Depuis fin 1989 a lieu une réelle invasion des pays de l’Est. Le démantèlement des monopoles d’État, la reconversion vers une économie de marché capitaliste sont un ballon d’oxygène pour les monopoles occidentaux et japonais. La même étude prévoit de grands débouchés pour les produits de consommation, mais également pour les technologies de pointe, pour des entreprises de grands travaux, pour des fournisseurs de machines-outils, pour des entreprises de transport, d’énergie et de communication (p. 71). L’étude déplore une certaine réticence des bailleurs de fonds privés. Ils attendent que les risques politiques soient moins grands et que les nouvelles « démocraties » aient ouvert la voie pour le grand capital, par une injection massive d’aide occidentale. Ne temporisent pas par contre, les producteurs d’automobiles, qui mènent un combat acharné pour s’emparer du marché de l’automobile est-européen. On prévoit que le marché de l’automobile dans les pays de l’ancien COMECON pourrait doubler d’ici l’an 2000, pour atteindre une demande de 4 millions de voitures par an. Volkswagen s’est approprié les meilleurs morceaux, par la reprise de l’usine Trabant de Zwickau en Allemagne de l’Est et de Skoda en Tchécoslovaquie. Fiat s’était déjà implanté plus tôt sur le marché soviétique et polonais et General Motors a accaparé l’usine Wartburg à Eisenach. La Hongrie devient un pôle d’attraction pour la production de pièces détachées destinées à l’exportation.
De toute manière, ce ne sont que les entreprises intéressantes qui ont l’honneur d’être dévorées par les cannibales occidentaux. Au moins le tiers des entreprises ferment irrémédiablement leurs portes, pour cause de rentabilité insuffisante dans un système de marché libre. Beaucoup d’entreprises condamnées fournissent des produits utiles, mais tel n’est plus le critère à l’heure actuelle. Plus il y a de fermetures, plus il y a des marchés pour les produits occidentaux. Par la liquidation à grande échelle de capital constant, le taux de profit des entreprises restantes reçoit un coup de fouet. (Voir l’encadré 121 bis.) L’anéantissement massif de capital contribue à alléger la crise de surproduction des monopoles occidentaux. La Treuhandanstalt, l’organisme qui a pour mission de privatiser l’économie est-allemande, a classé les huit mille anciennes entreprises d’État en différentes catégories. Mi-1991, mille des meilleures étaient déjà vendues (parmi elles les entreprises de technologie de pointe Zeiss et Robotron).

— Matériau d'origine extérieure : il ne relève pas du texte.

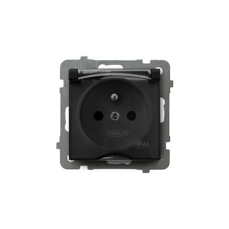 Gniazdo bryzgoszczelne z uziemieniem IP-44 wieczko przezroczyste Czarny matowy Ospel As
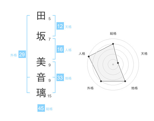 田坂 美音璃さんの地格は33画の4点!
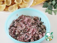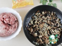 Соединить мясной фарш с обжаренным луком и грибами, посолить, поперчить, перемешать. |
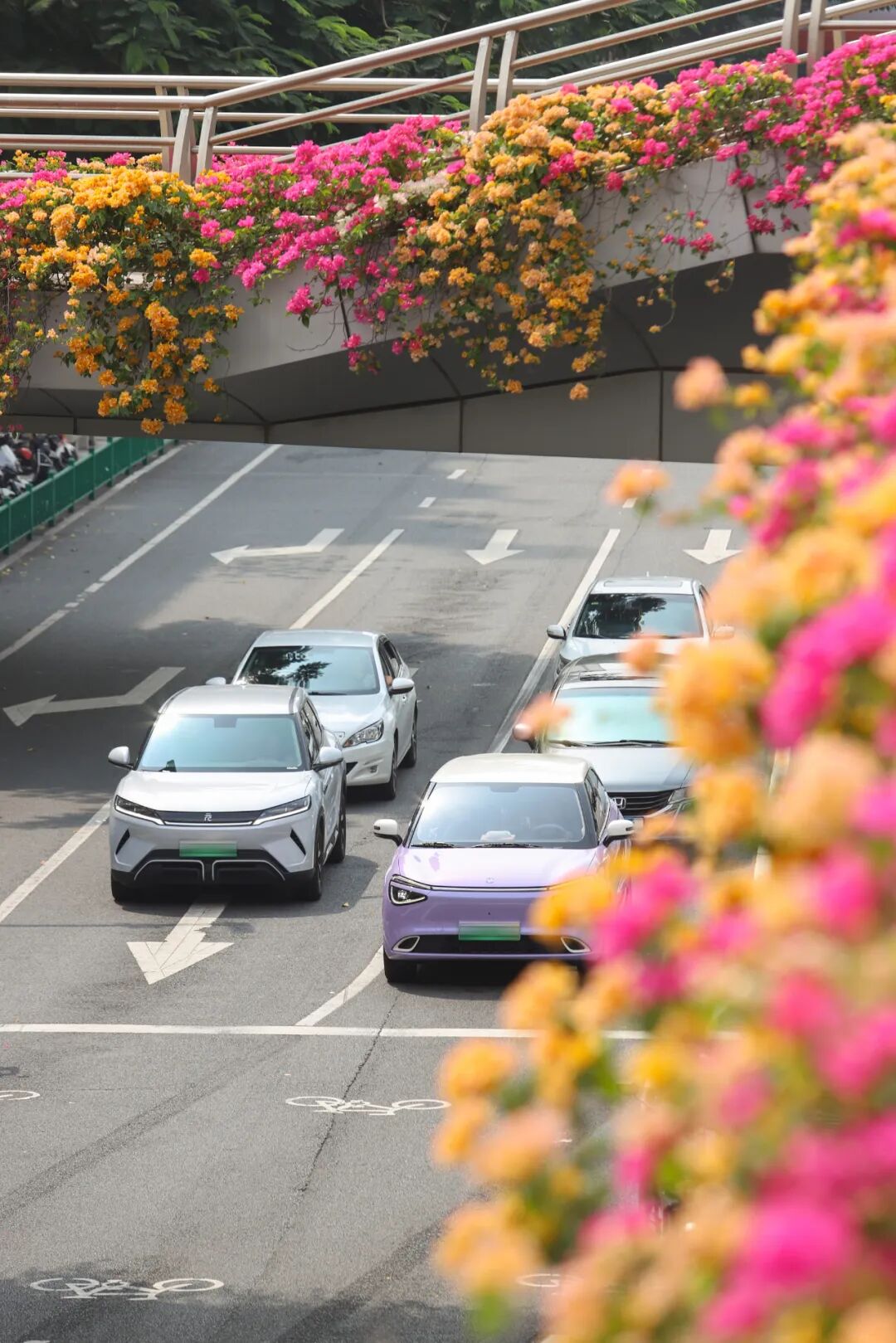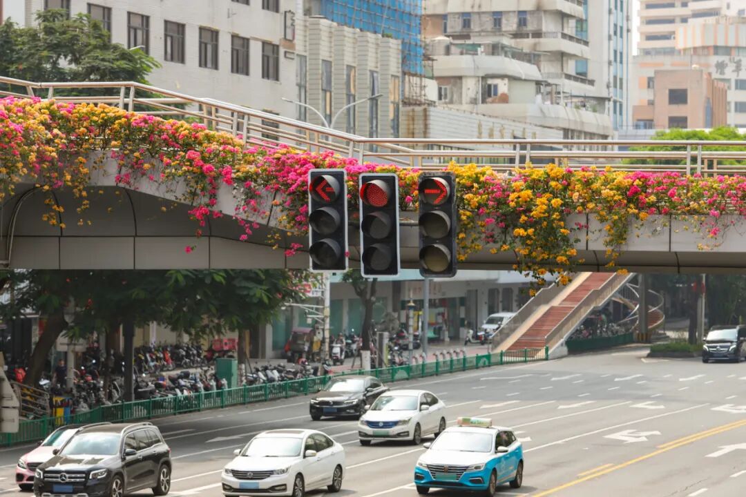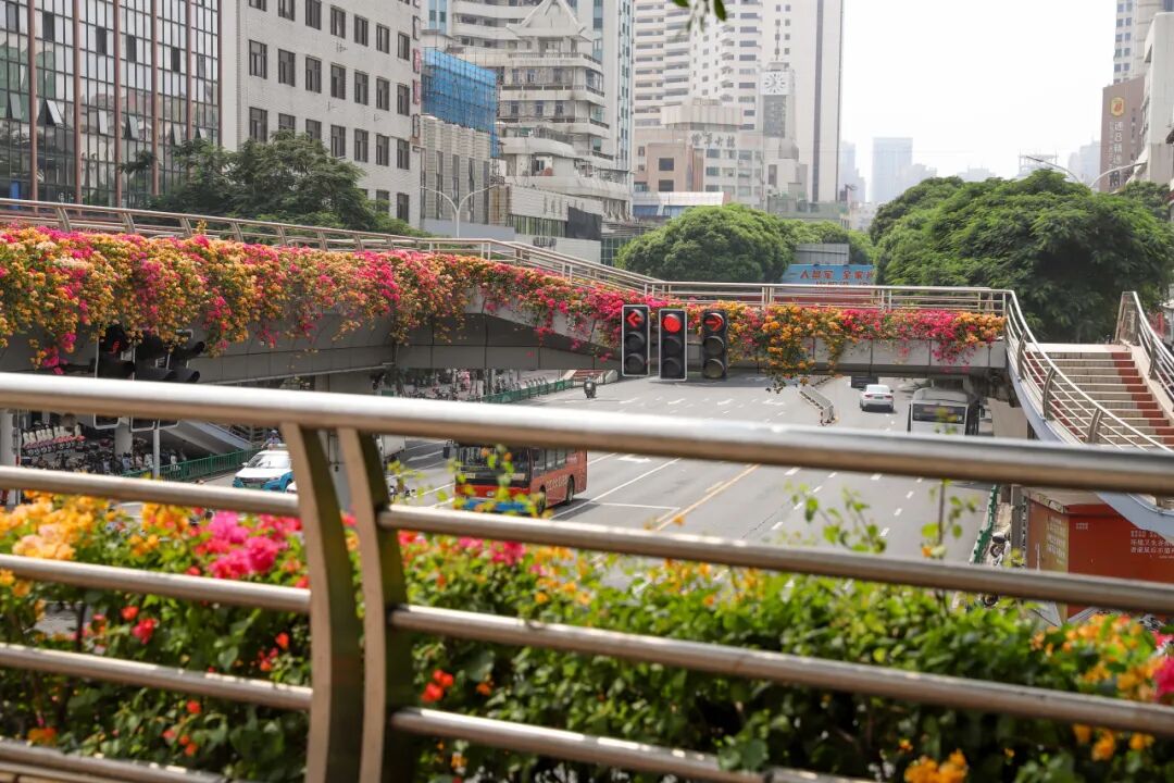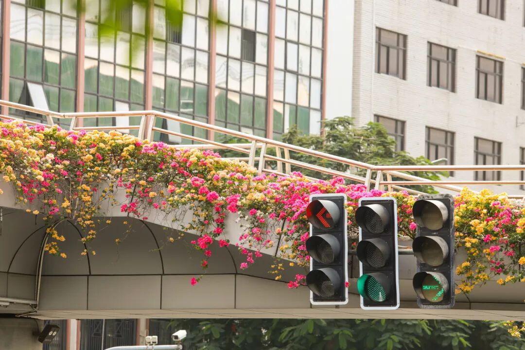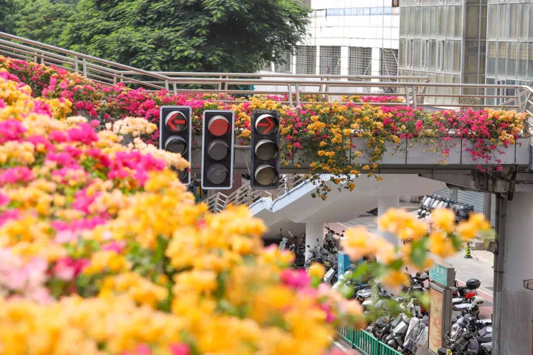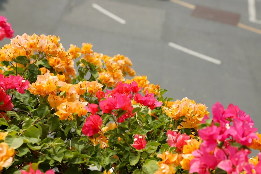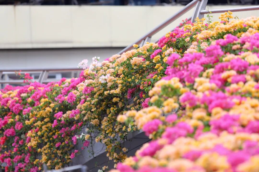 嫣红、粉紫、橙黄的花瓣层层叠叠

Enfin, l’Europe de l’Est fournit une réserve de main-d’œuvre qui vient à point. La qualification est bonne et les salaires n’atteignent même pas le tiers ou le quart. La légion de chômeurs, qui s’accroît à un rythme forcené, a un double rôle pour le patronat. Premièrement, elle maintient la pression sur les salaires locaux et permet les chantages les plus odieux lors des investissements. (IKEA n’investit en Pologne qu’à condition qu’aucun syndicat ne soit autorisé.) Deuxièmement, elle devient un réservoir à l’importation de main-d’œuvre qualifiée et bon marché. Déjà, la pression patronale est forte pour mobiliser ces réserves et favoriser l’immigration.